Conference: ICLR 2026
OpenReview: https://openreview.net/forum?id=yn9dzttHvT
Paper: OpenReview Forum
Code: The paper claims availability of implementation and experiments, but no specific repository link is provided in the cache
Area: Robotics / Sim-to-Real / Foundation Policies
Keywords: sim-to-real transfer, foundation policies, offline reinforcement learning, latent space adaptation, robot locomotion

TL;DR

This paper proposes Found-adapt: it first pre-trains a reusable latent-conditioned foundation policy on offline simulator trajectories, and then corrects the latent variable \(z\) during deployment using a small amount of target domain data. This mitigates the dynamics sim-to-real gap in robot locomotion without retraining the policy network.

Background & Motivation

Background: The standard deployment path for robot reinforcement learning remains training a policy in a simulator and transferring it to the real world or another high-fidelity environment. To narrow the gap between simulation and reality, existing methods typically employ domain randomization, domain adaptation, system identification, grounded action transformation, or deployment-time policy adaptation, exposing the policy to more dynamics perturbations during training or continuing to adjust the policy/action mapping during deployment.

Limitations of Prior Work: The issue with these methods is that adaptation is too tightly coupled with the task policy itself. When encountering a new task, traditional sim-to-real workflows often require training a task-specific policy first and then adapting it to the target environment. When facing new friction, gravity, actuator response, or sensor noise, an expensive cycle of online data collection, system identification, or policy updates must be rerun. For real robots, this consumes computational power and time while increasing deployment risks.

Key Challenge: The fundamental contradiction of sim-to-real is not just that "simulators are inaccurate," but that current policy representations lack a reusable intermediate layer. A person who knows how to walk does not relearn the skill of "walking" when moving to a slippery surface; they adjust their gait and force. Traditional RL policies, however, often mix skill learning and environmental adaptation within the same network update, making every new task or dynamics condition feel like starting from scratch.

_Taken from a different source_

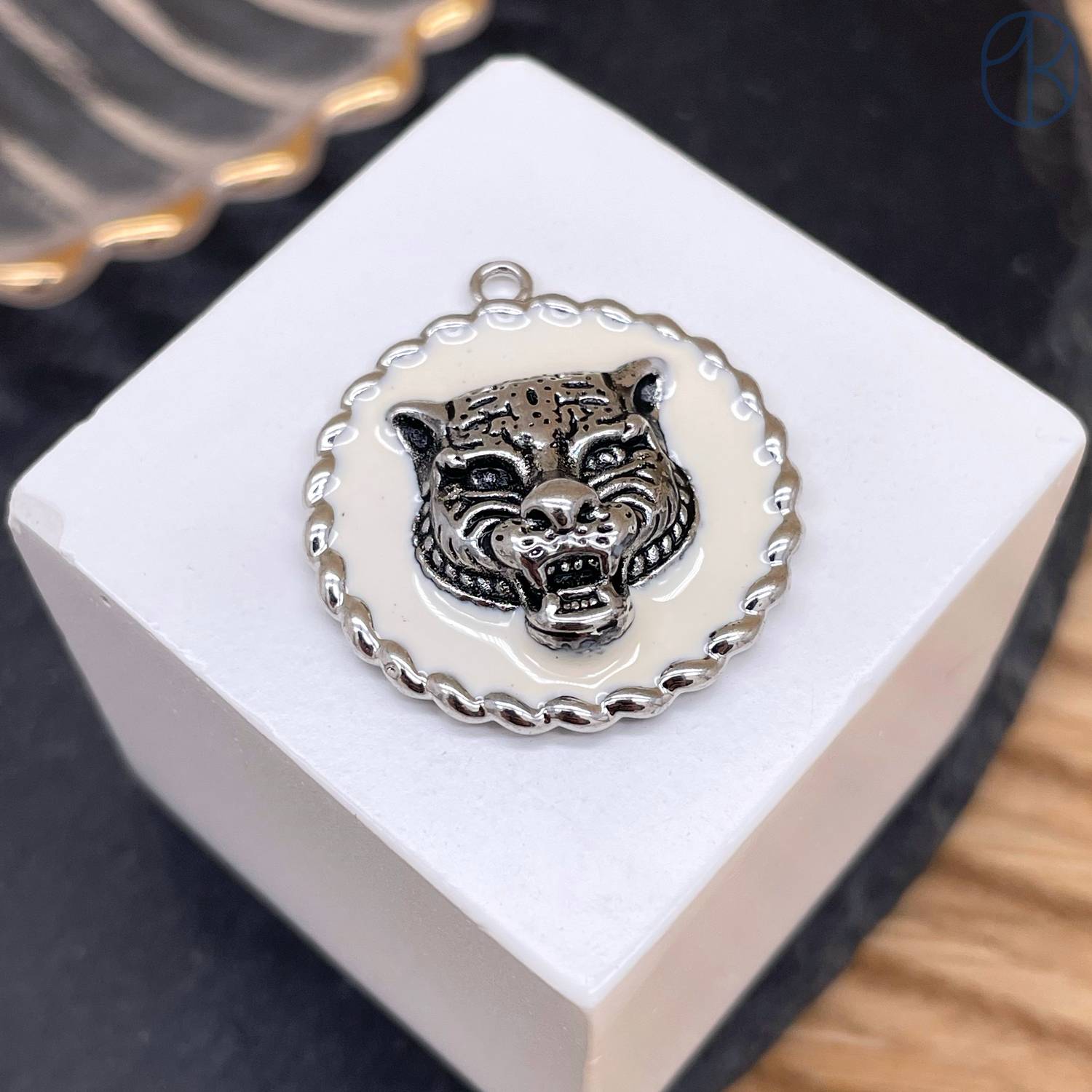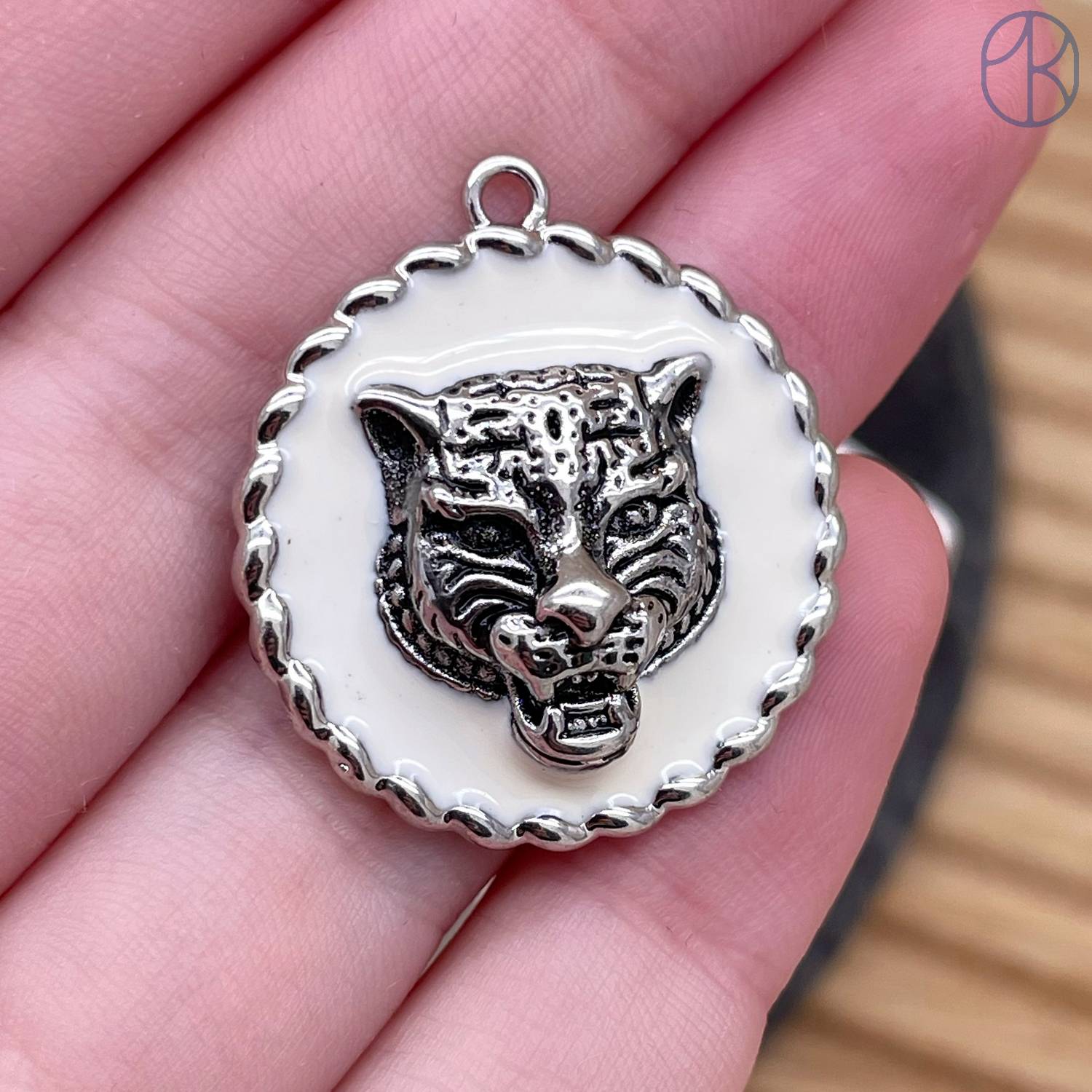 Подвеска тигр белая эмаль, цвет серебро 25 мм

Goal: The authors aim to decouple the problem into two layers: the first layer learns a long-horizon skill library, i.e., a foundation policy, from massive unlabeled offline trajectories in a source simulator; the second layer estimates the current dynamics discrepancy using a small amount of interaction data in the target environment and reflects this discrepancy in the latent variable rather than modifying the entire policy network.

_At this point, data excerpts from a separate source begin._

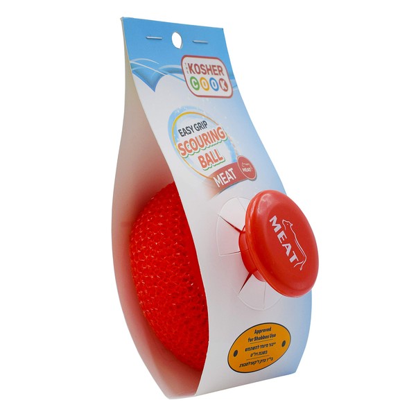 Meat Red Scouring Pad with Comfortable Handle – Ergonomic Easy Grip Dishwashing Cleaning Sponge Brush – Color Coded Home and Kitchen Accessories by The Kosher Cook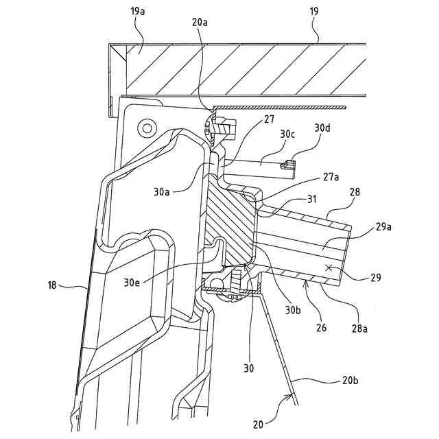 前記製氷水タンクと製氷部との間で製氷水を循環する製氷機では、製氷水として用いる水道水に含まれるカルキやミネラル分などの不純物が、製氷水の循環経路にスケールとして経時的に付着して種々の問題を生ずるため、薬液を用いた定期的な洗浄が行われる。薬液洗浄を行うには、固形状または液状の薬剤を製氷水タンク内に供給する必要がある。また、製氷水供給部は、製氷運転と除氷運転とを繰り返す製氷サイクルにおいて上下方向に傾動するので、外部から製氷水供給部へのアクセスを防止するため、製氷機の箱体における前方に開口する本体には、該本体の開口における製氷水供給部の前方を塞ぐフロントパネルがネジ止め固定されている。従って、製氷機で薬液洗浄を行う場合は、本体からフロントパネルを取り外したもとで、水皿と製氷水タンクとの隙間や水皿上面から、ホース等の供給部材を介して薬剤を製氷水タンク内に供給した後、タンク内の水に薬剤が溶けた薬液を、循環ポンプで循環経路に循環している。しかしながら、本体からフロントパネルを取り外したり取り付ける作業にはドライバー等の工具が必要であり、薬液洗浄に伴うフロントパネルの着脱作業が煩雑であった。また、フロントパネルを取り外しても、製氷機外部から水皿と製氷水タンクとの隙間や水皿上面等に供給部材を臨ませる作業がやり難く、薬剤を供給する際の作業性が低いものであった。そこで、フロントパネルに、前後方向に開口する挿入孔を設け、該挿入孔に前側から挿入した供給部材の後端開口をタンク内に臨ませ、該供給部材を介して製氷水タンクに薬剤を供給し得るように構成することで、フロントパネルを取り外すことなく薬液洗浄を行い得るようにした製氷機が提案されている(例えば、特許文献1参照)。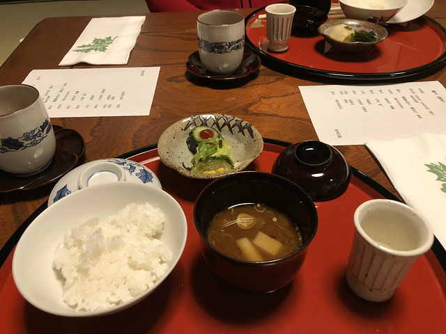 眼看已经过了6点,我们抓紧道别并匆匆赶往市营巴士站回到酒店取行李,去柊家别馆办理入住。更着急的是柊家别馆的怀石料理晚餐最迟是7点就餐,所以我们向酒店寻求帮助,希望他们沟通一下告知对方我们已经在前往的路上。最终很顺利,柊家别馆给我们的时间是7:15分要达到。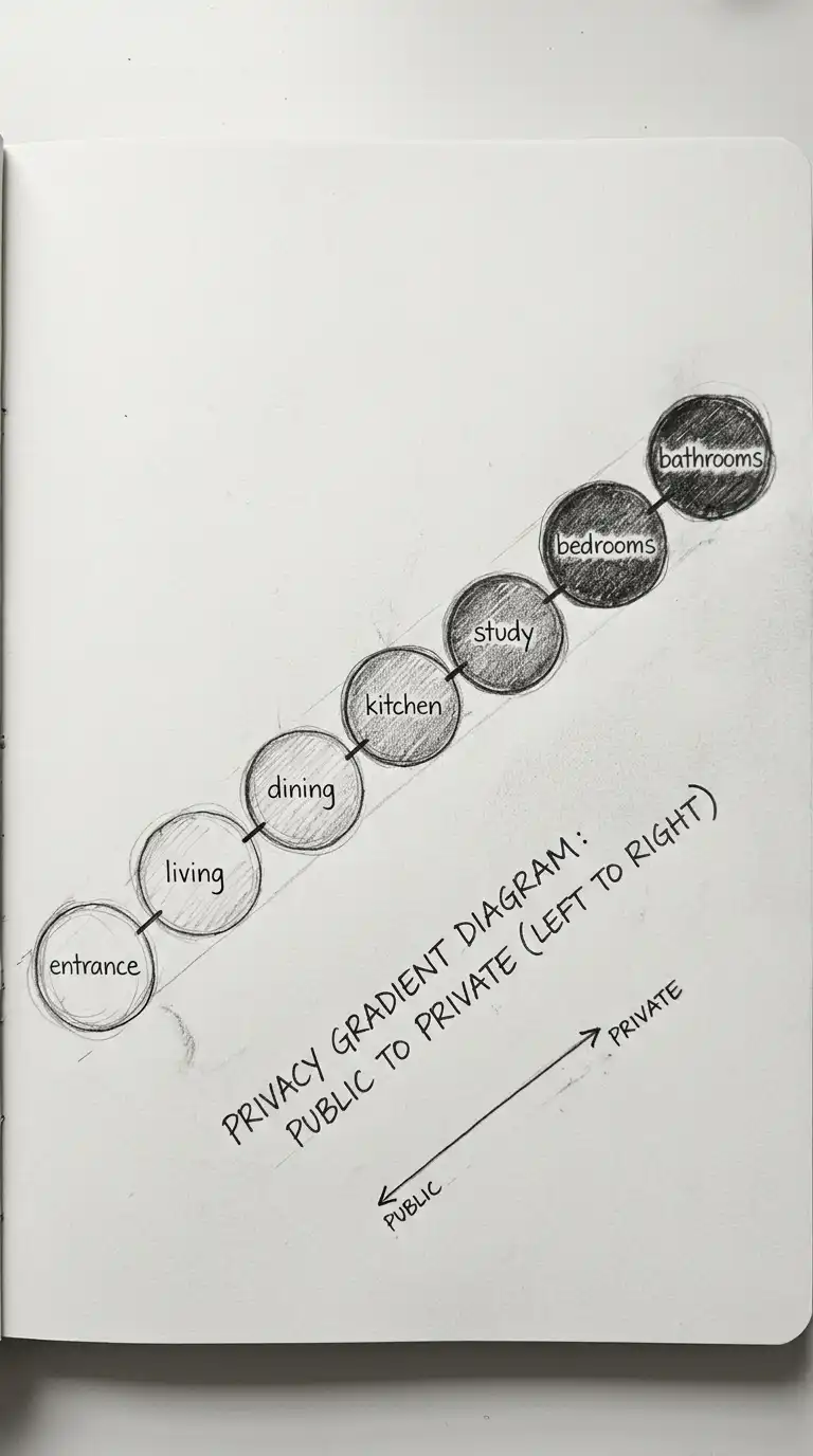 The privacy gradient bubble diagram arranges spaces along a spectrum from public to private. Public bubbles (entrance, living, dining) are at one end. Private bubbles (bedrooms, bathrooms) are at the other. Semi-public bubbles (kitchen, study) are in the middle.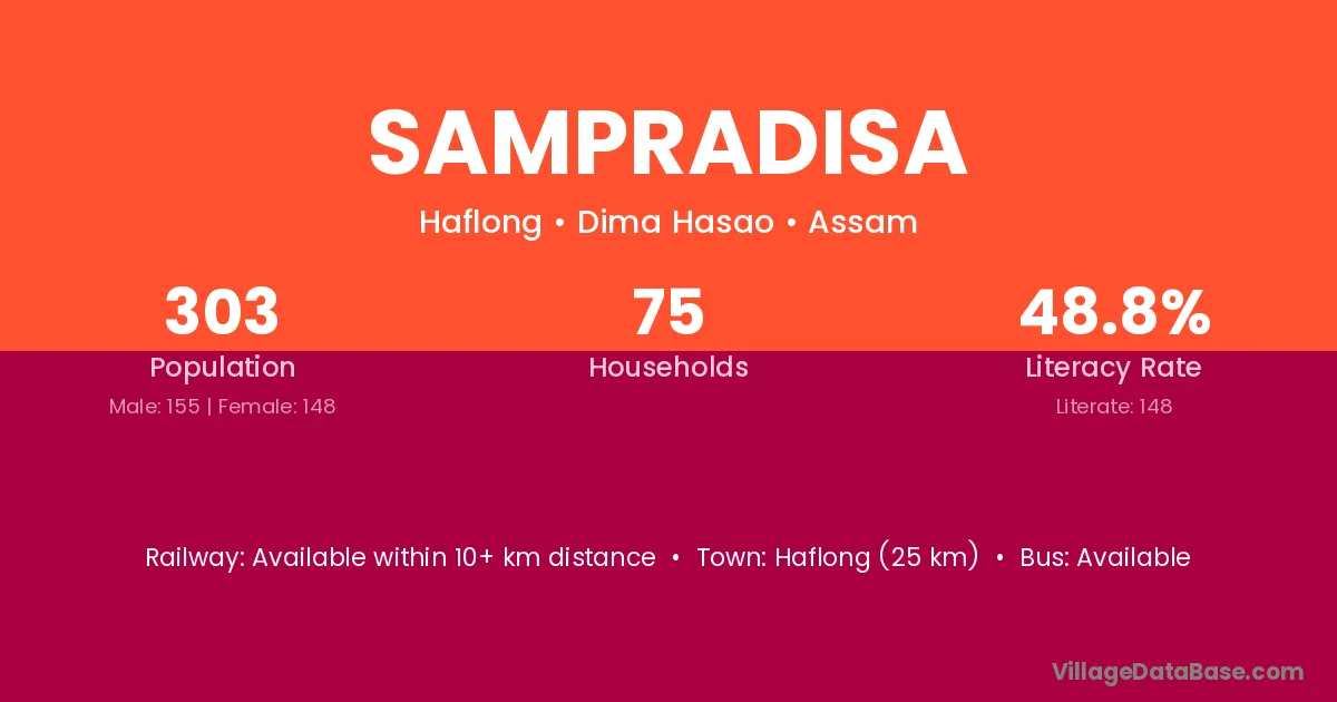 Haflong (25 km) is the nearest town to Sampradisa village for major economic activities and is located approximately 25 km away.

Key Insight: The paper borrows the structure of Hilbert representation foundation policies: an encoder \(\phi\) maps states to a latent space, and the policy \(\pi(a|s,z)\) is conditioned on a latent variable \(z\), where different \(z\) correspond to different skill directions. Since downstream tasks can already prompt the policy by selecting \(z\), sim-to-real can be viewed as a problem of "re-selecting and refining \(z\) under target dynamics."

Core Idea: Use a small number of target domain trajectories to correct the foundation policy's task latent in the latent space, transforming expensive policy retraining into lightweight latent adaptation.

Method

Overall Architecture

The workflow of Found-adapt is divided into offline skill learning and deployment-time latent space adaptation. In the offline phase, the method uses unlabeled trajectories from the simulator \(E_{sim}\) to learn a state encoder \(\phi\) and a latent-conditioned policy \(\pi(a|s,z)\), allowing the policy to possess a set of reusable locomotion skills callable by \(z\). In the deployment phase, when facing dynamics changes such as gravity or friction in the target environment \(E_{tar}\), the method does not update \(\pi\). Instead, it uses a few target domain samples to first solve for a cross-domain aligned latent \(z_{src}\), then extracts a target domain dynamics signature \(\eta\), and finally obtains \(z_{final}\) through a small adapter.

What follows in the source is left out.